Книги, написанные самой жизнью. Правин - Дарья Теплова
Шрифт:
Интервал:
Закладка:
Дарья: А если нет попутного ветра?
Правин: Либо твоя искренность не абсолютная и ты не определился с тем, что нужно, либо тебя жизнь проверяет. При искреннем взывании и усилии всё вокруг меняется. Самое тёмное время – перед рассветом.
Дарья: Ты упомянул какой-то особый метод работы с учениками твоего Учителя. В чём он заключался?
Правин: Например, когда я работал с музыкальным произведением, я его учил сначала в своём сознании. Пытался представить, как я играю, развивал своё воображение. Это уже из области духовных практик: когда через визуализацию ты вкладываешь определённую энергию в произведение. Часто такой энергии не хватает на сцене: нас отвлекает много факторов. Поэтому очень важно привнести туда своё внутреннее видение, как именно ты хочешь его исполнить.
Дарья: Насколько я понимаю, речь идет о тогда ещё советской эпохе. Несколько необычный подход для того времени…
Правин: У меня всегда было стойкое ощущение, что мир, который нам нарисовали (а я жил в СССР), не совсем настоящий, что я как будто сплю и вижу сон. Плюс встречи с такими людьми, мастерами своего дела, не дали замутнить сознание. Я ощущал наличие другой, настоящей реальности. И когда я попал в Индию, то понял, что ощущаемая мной навязывают.
Ударные инструменты – целая эпоха в жизни Правина
Дарья: Давай вернёмся немного назад. После училища ты продолжил заниматься на ударных? Почему ты остался в Смоленске и не поехал в Москву поступать?
Правин: Совершенно верно, в училище я занимался ударными инструментами. Что касается Москвы, как-то не очень она меня привлекала. В провинции же ритм жизни другой совсем, нет такой суеты… Хотя в те годы после Смоленского музыкального училища многие выпускники поступали в Гнесинку, в Московскую Консерваторию им. П. И. Чайковского и другие престижные музыкальные ВУЗы. В училище был очень хороший педагогический состав.
Дарья: В конце концов ты всё-таки переехал в Москву. Как это случилось?
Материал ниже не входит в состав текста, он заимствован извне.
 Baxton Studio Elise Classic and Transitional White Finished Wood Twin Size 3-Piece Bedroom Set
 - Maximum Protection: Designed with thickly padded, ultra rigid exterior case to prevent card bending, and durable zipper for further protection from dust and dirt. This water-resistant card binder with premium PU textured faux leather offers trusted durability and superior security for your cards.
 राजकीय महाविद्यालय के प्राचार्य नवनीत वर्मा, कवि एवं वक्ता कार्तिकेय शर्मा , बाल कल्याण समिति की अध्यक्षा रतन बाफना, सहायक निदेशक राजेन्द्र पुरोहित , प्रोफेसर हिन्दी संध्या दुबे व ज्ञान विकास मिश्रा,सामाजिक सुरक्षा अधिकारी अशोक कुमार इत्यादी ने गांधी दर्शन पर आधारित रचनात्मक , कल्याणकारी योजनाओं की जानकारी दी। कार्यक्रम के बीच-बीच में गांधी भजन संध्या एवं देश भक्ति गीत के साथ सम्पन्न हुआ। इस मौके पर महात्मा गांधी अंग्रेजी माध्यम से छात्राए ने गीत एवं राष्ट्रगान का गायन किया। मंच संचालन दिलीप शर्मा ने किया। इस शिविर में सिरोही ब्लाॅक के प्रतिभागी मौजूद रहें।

Правин: В основном благодаря друзьям, которых здесь немало. Интересовался йогой, ездил на семинары. А крупные мероприятия проходят часто именно в Москве. Но переезжать сюда насовсем мне не хотелось. В итоге я поступил в консерваторию в Саратов. В Саратове я играл в разных оркестрах, иногда даже в качестве солиста. Так я закончил консерваторию экстерном за четыре года. По окончании её мне предложили поступить в аспирантуру уже в Москву, и я всё-таки отправился в путь, но до аспирантуры так и не доехал – не хотел больше заниматься академической музыкой.
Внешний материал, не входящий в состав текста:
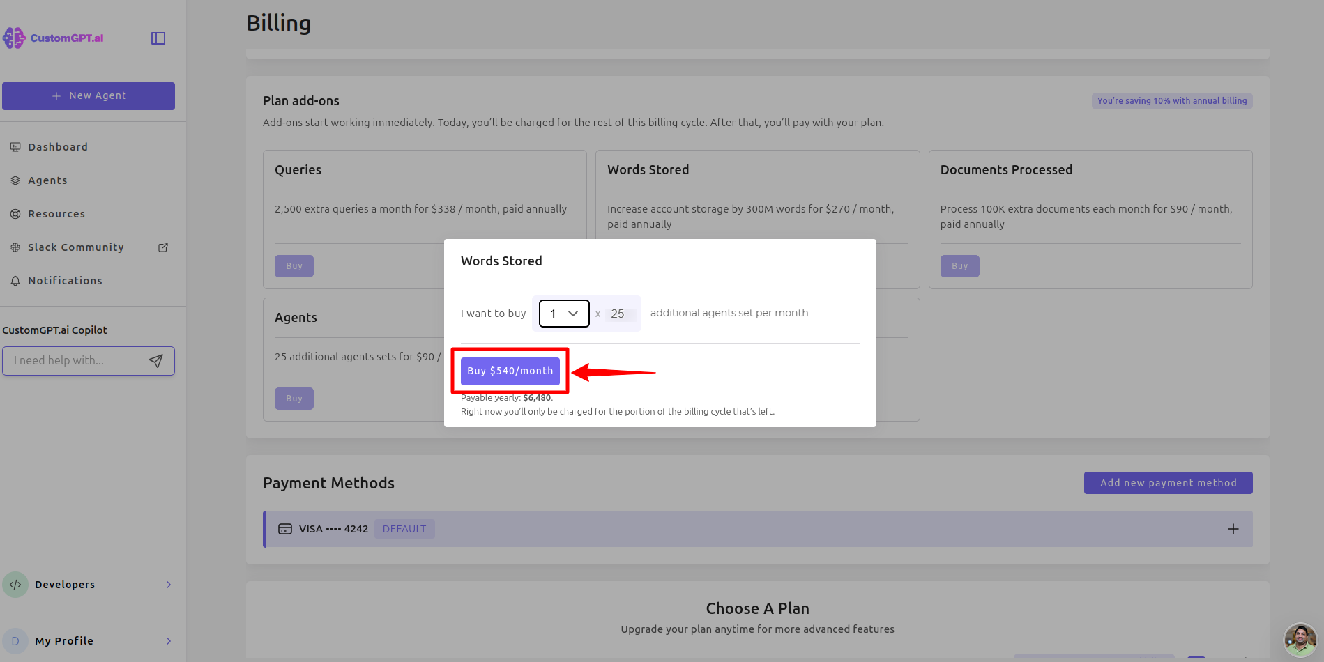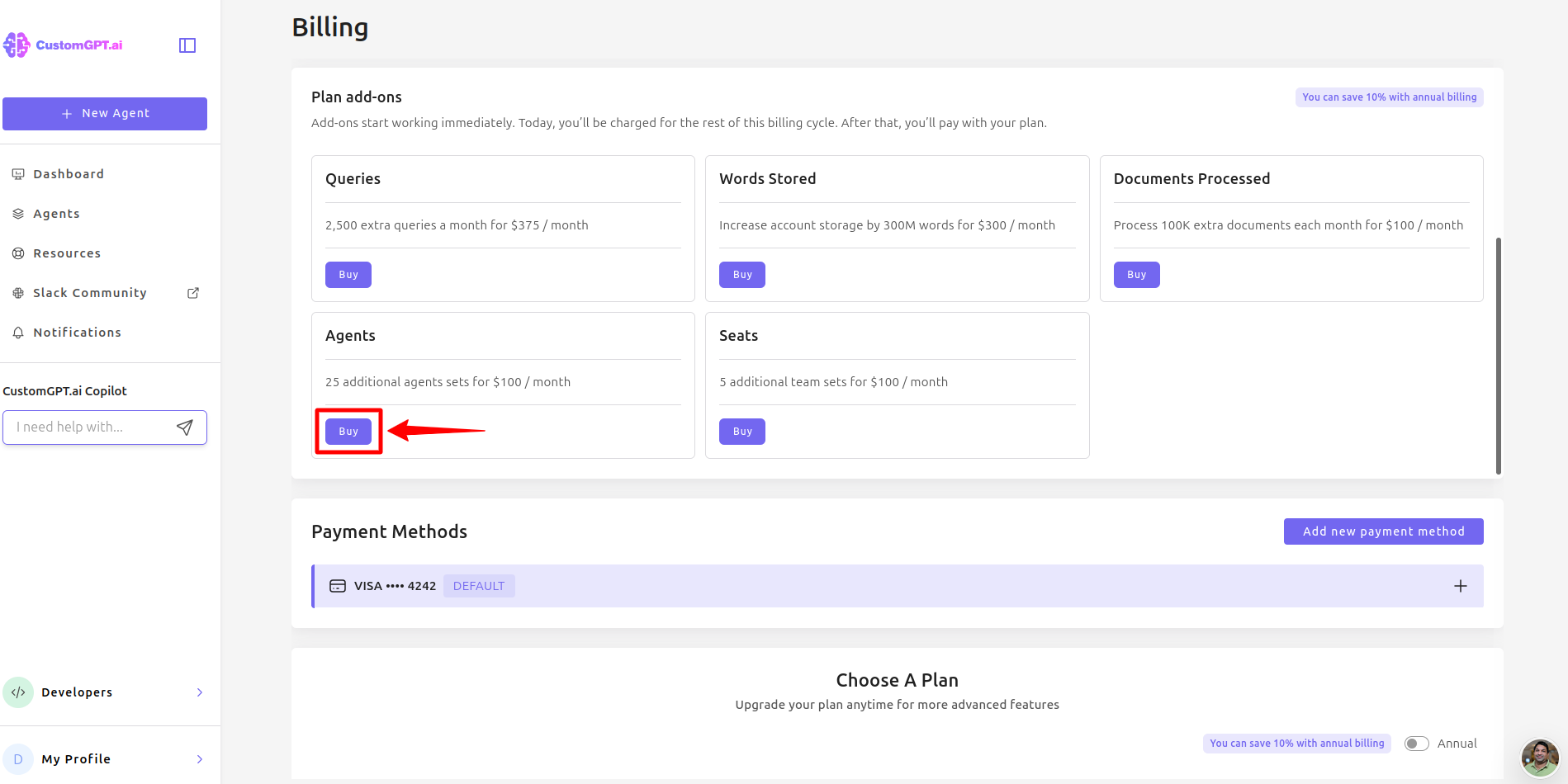 The add more agents add-on expands the number of AI agents you can run simultaneously. This is ideal for organizations managing multiple projects, departments, or client work under a single account.
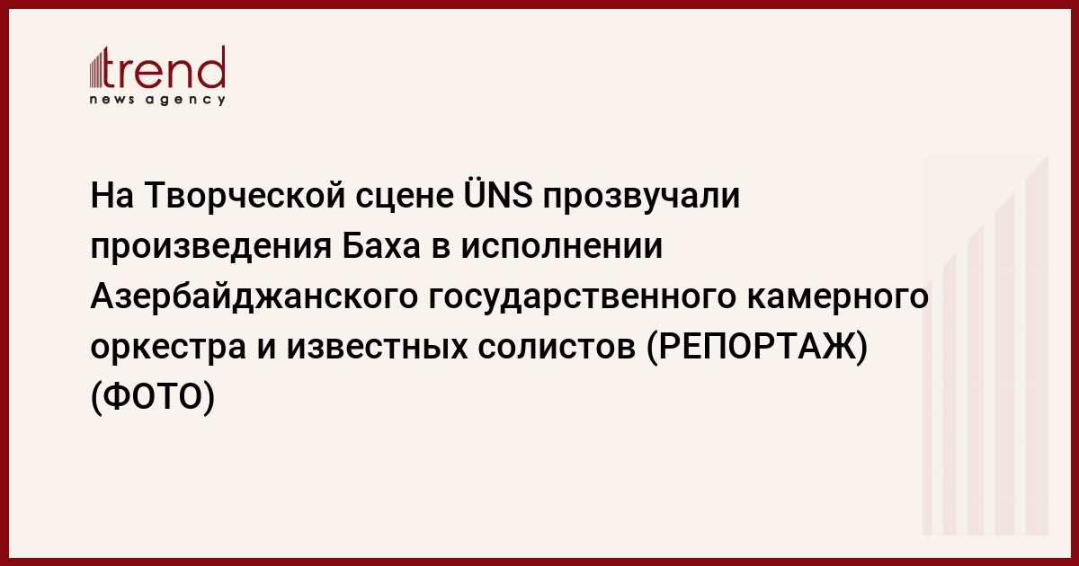 Этот концерт стал очередным подарком поклонникам музыки Баха от Творческой сцены ÜNS. Ранее, 16 марта, Творческая сцена ÜNS организовала аналогичный концерт, который прошел в Концертном зале Большой гильдии в Риге в исполнении Лиепайского камерного оркестра под управлением заслуженного деятеля искусств Азербайджана, дирижера Ялчина Адигезалова.
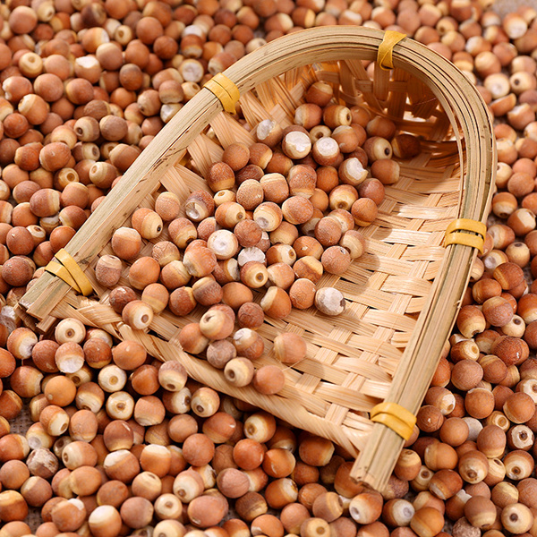 芡实为药性球状,表面一端为棕红色一端为白色,有凹点状的种脐痕。具有益肾固精,补脾止泻,除湿止带的功效,常用于遗精滑精,遗尿尿频,脾虚久泻,白浊,带下。

Дарья: Почему ты ушёл из академической музыки в этнику?
Правин: В тот период меня больше интересовала уже не сама музыка, а та работа, которую она производит в человеке. Интересно было углубить свои знания в этом направлении. У меня было ощущение, что академическая музыка имеет очень разношёрстную структуру и создает противоречивые состояния: композиторы привносят в нее помимо тонких планов ещё и собственные страдания. Всё это через музыку передаётся. Так и идёт череда то просветлений, то страданий. В конечном итоге, чтобы большие оркестровые массы могли взаимодействовать, академическая музыка пришла к жёсткому темперированному строю. Это и понятно, иначе большие массы людей в оркестре вместе взаимодействовать не смогут. При этом колорит разных эпох начал пропадать. Вообще же классическая музыка идёт из глубины веков, а называют таковой почему-то в основном музыку Западной Европы. Ну, России тоже в некотором количестве. Хотя западноевропейская музыка – это дитя, которому от роду несколько сотен лет. А до этого музыкант играл не меньшую роль, чем композитор: он имел большие каденции, где он выражал своё понимание произведения, своё впечатление.
Конец ознакомительного фрагмента.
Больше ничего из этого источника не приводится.